--- ASSIGNMENT ---
Transcribe the entries that follow, every word as written, and drop the pictures.

--- STUDY MATERIAL ---

# # # # #

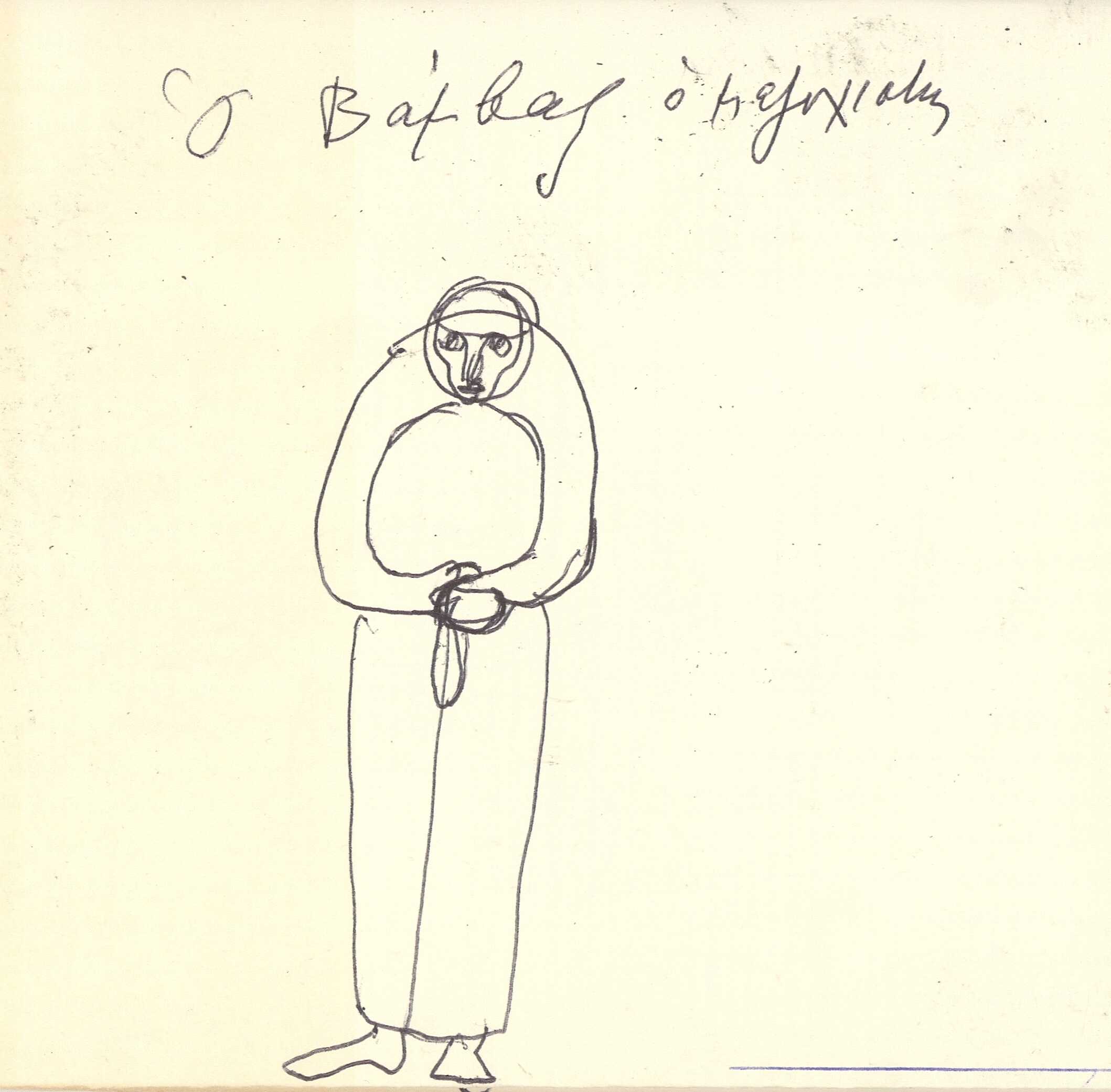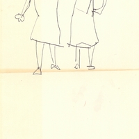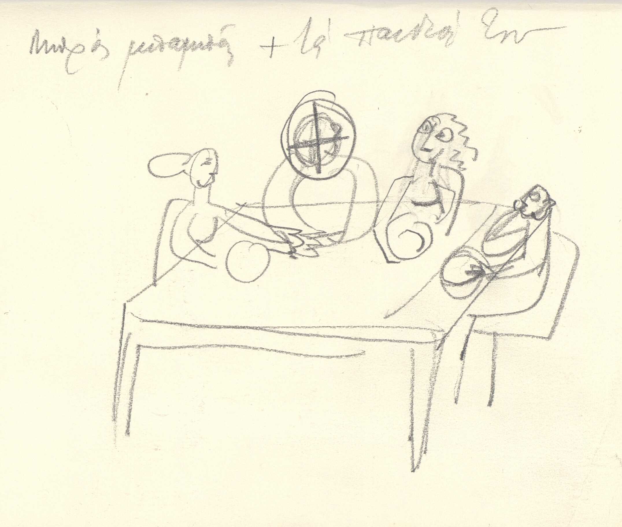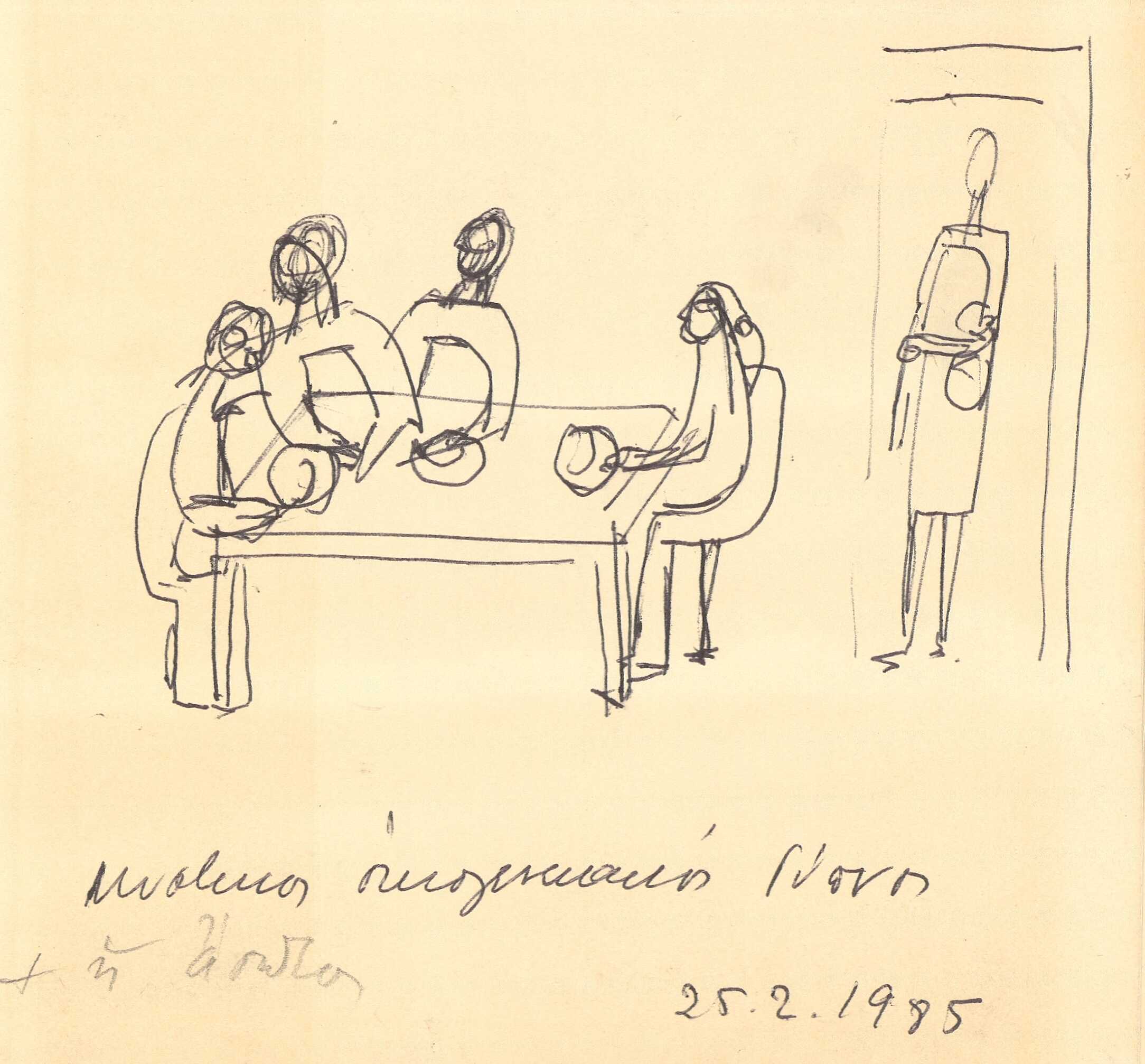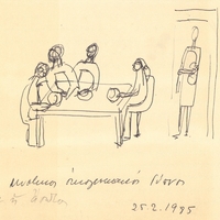 en Alex Mylona creates a series of drawings on paper, which she then folds into a small notebook. This drawing depicts a gathering around a table. The simple illustration shows only the essential elements without giving us any further information about the space and the people.
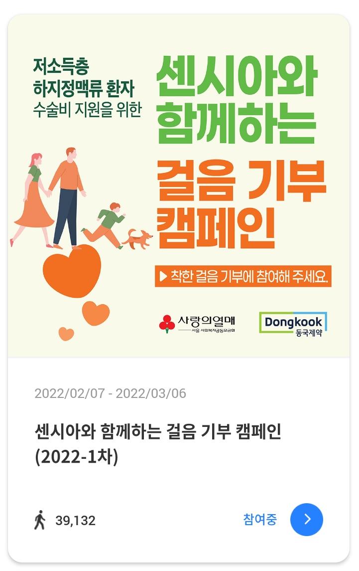 정부기관에서 진행하는 걷기 챌린지 이외에 사회공헌 사업으로 일반 기업도 걷기 미션을 지원하고 있다. 이런 미션은 걷기만 해도 기부가 가능해지고 기부자 명단에도 들어갈 수 있다. 함께 신청한다면 좋은 일도 하고 건강도 좋아지는 1석 2조의 효과를 볼 수 있을 것이라 생각한다.
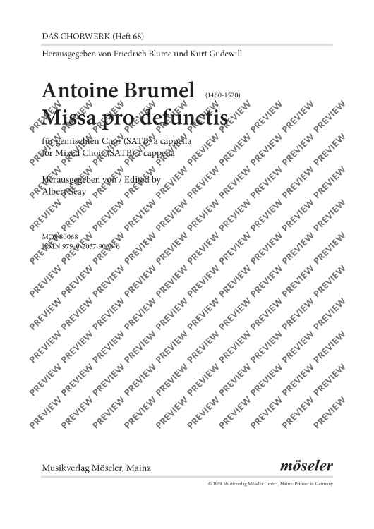 Digital Sheet Music for Missa pro defunctis by Antoine Brumel scored for Mixed Choir (satb) A Cappella; id:500404
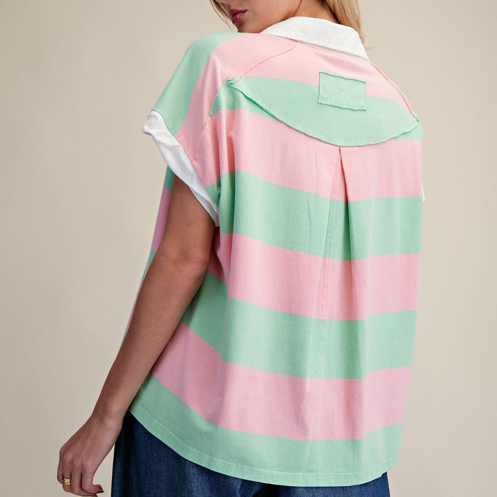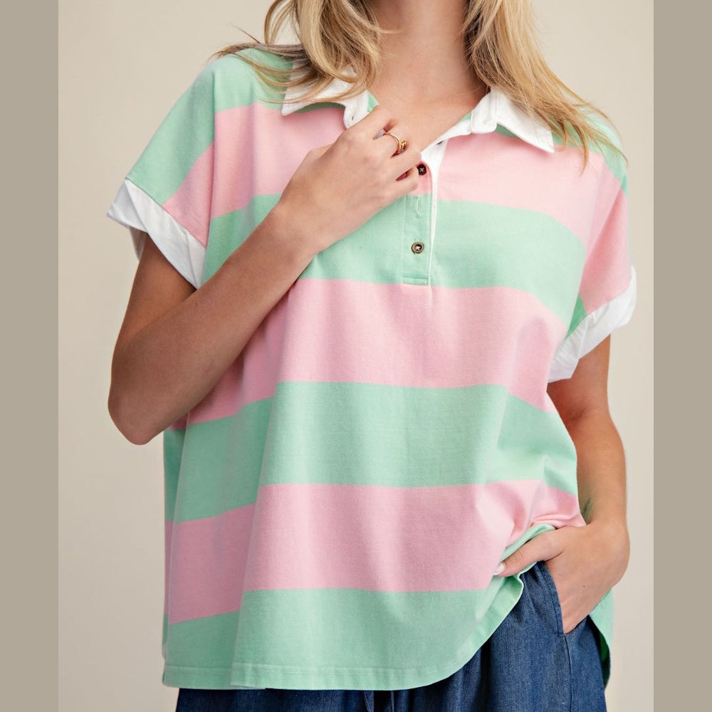 Add a touch of classic sporty style to your casual wardrobe. Shop the Rugby Stripe Washed Henley Top by Easel today at MISS DAISY'S Home & Decor and enjoy effortless everyday fashion.
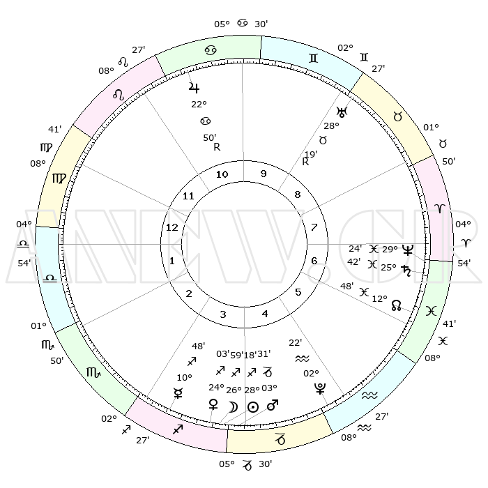 | | ΘΕΣΕΙΣ ΠΛΑΝΗΤΩΝ ΑΣΤΡΟΛΟΓΙΚΟΥ ΧΑΡΤΗ ΤΗΣ ΣΤΙΓΜΗΣ ΑΥΤΗΣ | | | | Πλανήτης | Ζώδιο | Μοίρες | Δεκαήμ. | Σε οίκο | Απόκλιση | | Ακμές των οίκων | | Ηλιος | Τοξότης | 28°14' | Τρίτο | 4 | 23 S 25 | | 1ος | 16°04' | Παρθένος | | Σελήνη | Τοξότης | 26°13' | Τρίτο | 4 | 28 S 14 | | 2ος | 11°31' | Ζυγός | | Ερμής | Τοξότης | 10°42' | Δεύτερο | 3 | 21 S 09 | | 3ος | 11°20' | Σκορπιός | | Αφροδίτη | Τοξότης | 23°59' | Τρίτο | 4 | 23 S 20 | | 4ος | 14°16' | Τοξότης | | Αρης | Αιγόκερως | 03°28' | Πρώτο | 4 | 24 S 12 | | 5ος | 17°35' | Αιγόκερως | | Δίας | Καρκίνος | 22°50'R | Τρίτο | 11 | 21 N 42 | | 6ος | 18°35' | Υδροχόος | | Κρόνος | Ιχθείς | 25°42' | Τρίτο | 7 | 03 S 49 | | 7ος | 16°04' | Ιχθείς | | Ουρανός | Ταύρος | 28°19'R | Τρίτο | 9 | 19 N 35 | | 8ος | 11°31' | Κριός | | Ποσειδώνας | Ιχθείς | 29°24' | Τρίτο | 7 | 01 S 28 | | 9ος | 11°20' | Ταύρος | | Πλούτωνας | Υδροχόος | 02°22' | Πρώτο | 5 | 23 S 18 | | 10ος | 14°16' | Δίδυμοι | | Β. Δεσμός | Ιχθείς | 12°49' | Δεύτερο | 6 | 06 S 45 | | 11ος | 17°35' | Καρκίνος | | Ωροσκόπος | Παρθένος | 16°04' | Δεύτερο | | | 12ος | 18°35' | Λέων | | Μεσουράνημα | Δίδυμοι | 14°16' | Δεύτερο | | | |
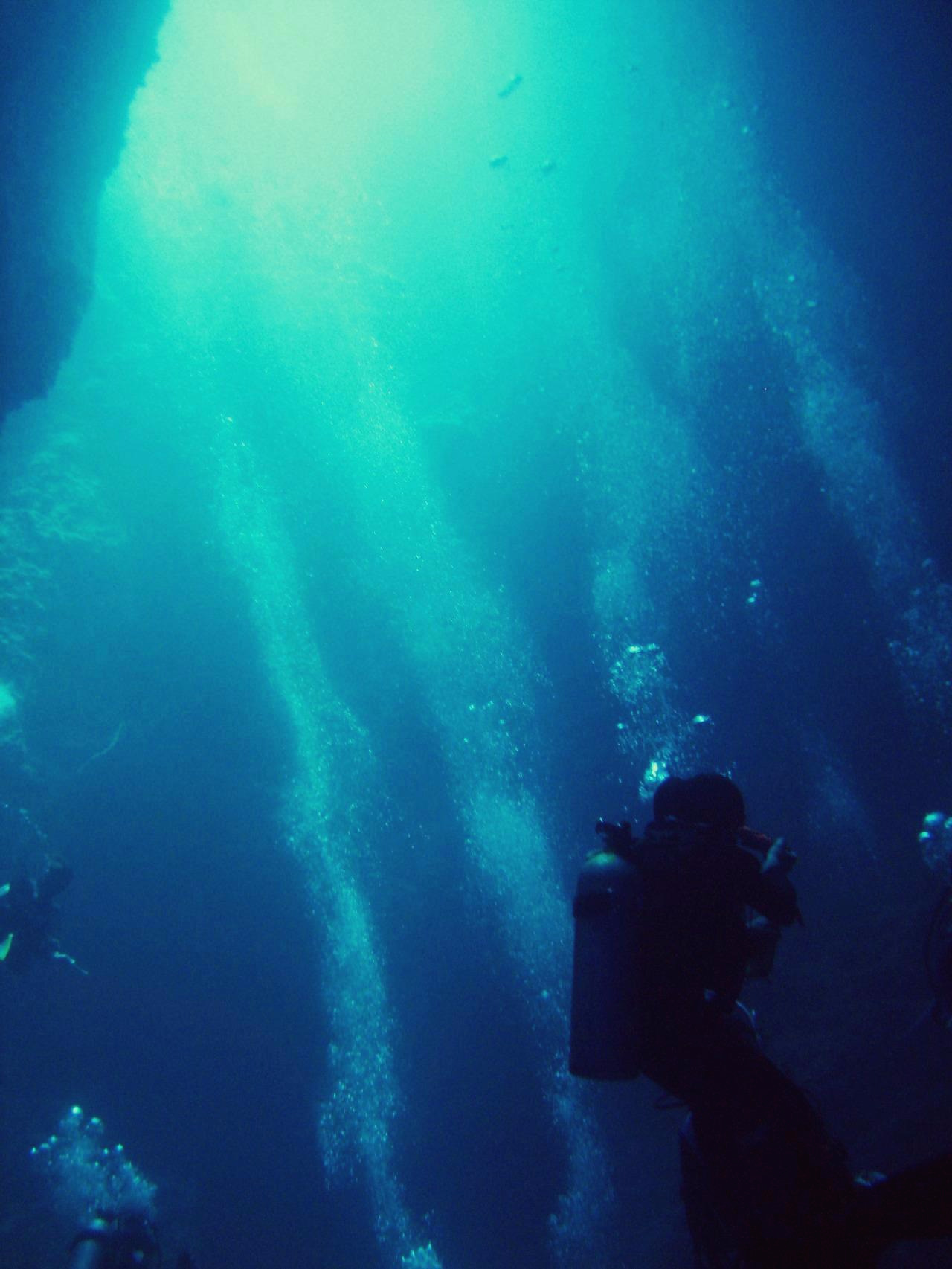 그렇게 얼마 정도 내려가니 넓은 공간이 나왔다. 그리고 내가 내려온 곳을 돌아보니, 다이버들이 햇살을 배경으로 한가득 버블을 뿜으며 줄지어 내려오고 있었다.

# # # # #

--- TASK ANSWER ---
 en Alex Mylona creates a series of drawings on paper, which she then folds into a small notebook. This drawing depicts a gathering around a table. The simple illustration shows only the essential elements without giving us any further information about the space and the people.
 정부기관에서 진행하는 걷기 챌린지 이외에 사회공헌 사업으로 일반 기업도 걷기 미션을 지원하고 있다. 이런 미션은 걷기만 해도 기부가 가능해지고 기부자 명단에도 들어갈 수 있다. 함께 신청한다면 좋은 일도 하고 건강도 좋아지는 1석 2조의 효과를 볼 수 있을 것이라 생각한다.
 Digital Sheet Music for Missa pro defunctis by Antoine Brumel scored for Mixed Choir (satb) A Cappella; id:500404
 Add a touch of classic sporty style to your casual wardrobe. Shop the Rugby Stripe Washed Henley Top by Easel today at MISS DAISY'S Home & Decor and enjoy effortless everyday fashion.
 | | ΘΕΣΕΙΣ ΠΛΑΝΗΤΩΝ ΑΣΤΡΟΛΟΓΙΚΟΥ ΧΑΡΤΗ ΤΗΣ ΣΤΙΓΜΗΣ ΑΥΤΗΣ | | | | Πλανήτης | Ζώδιο | Μοίρες | Δεκαήμ. | Σε οίκο | Απόκλιση | | Ακμές των οίκων | | Ηλιος | Τοξότης | 28°14' | Τρίτο | 4 | 23 S 25 | | 1ος | 16°04' | Παρθένος | | Σελήνη | Τοξότης | 26°13' | Τρίτο | 4 | 28 S 14 | | 2ος | 11°31' | Ζυγός | | Ερμής | Τοξότης | 10°42' | Δεύτερο | 3 | 21 S 09 | | 3ος | 11°20' | Σκορπιός | | Αφροδίτη | Τοξότης | 23°59' | Τρίτο | 4 | 23 S 20 | | 4ος | 14°16' | Τοξότης | | Αρης | Αιγόκερως | 03°28' | Πρώτο | 4 | 24 S 12 | | 5ος | 17°35' | Αιγόκερως | | Δίας | Καρκίνος | 22°50'R | Τρίτο | 11 | 21 N 42 | | 6ος | 18°35' | Υδροχόος | | Κρόνος | Ιχθείς | 25°42' | Τρίτο | 7 | 03 S 49 | | 7ος | 16°04' | Ιχθείς | | Ουρανός | Ταύρος | 28°19'R | Τρίτο | 9 | 19 N 35 | | 8ος | 11°31' | Κριός | | Ποσειδώνας | Ιχθείς | 29°24' | Τρίτο | 7 | 01 S 28 | | 9ος | 11°20' | Ταύρος | | Πλούτωνας | Υδροχόος | 02°22' | Πρώτο | 5 | 23 S 18 | | 10ος | 14°16' | Δίδυμοι | | Β. Δεσμός | Ιχθείς | 12°49' | Δεύτερο | 6 | 06 S 45 | | 11ος | 17°35' | Καρκίνος | | Ωροσκόπος | Παρθένος | 16°04' | Δεύτερο | | | 12ος | 18°35' | Λέων | | Μεσουράνημα | Δίδυμοι | 14°16' | Δεύτερο | | | |
 그렇게 얼마 정도 내려가니 넓은 공간이 나왔다. 그리고 내가 내려온 곳을 돌아보니, 다이버들이 햇살을 배경으로 한가득 버블을 뿜으며 줄지어 내려오고 있었다.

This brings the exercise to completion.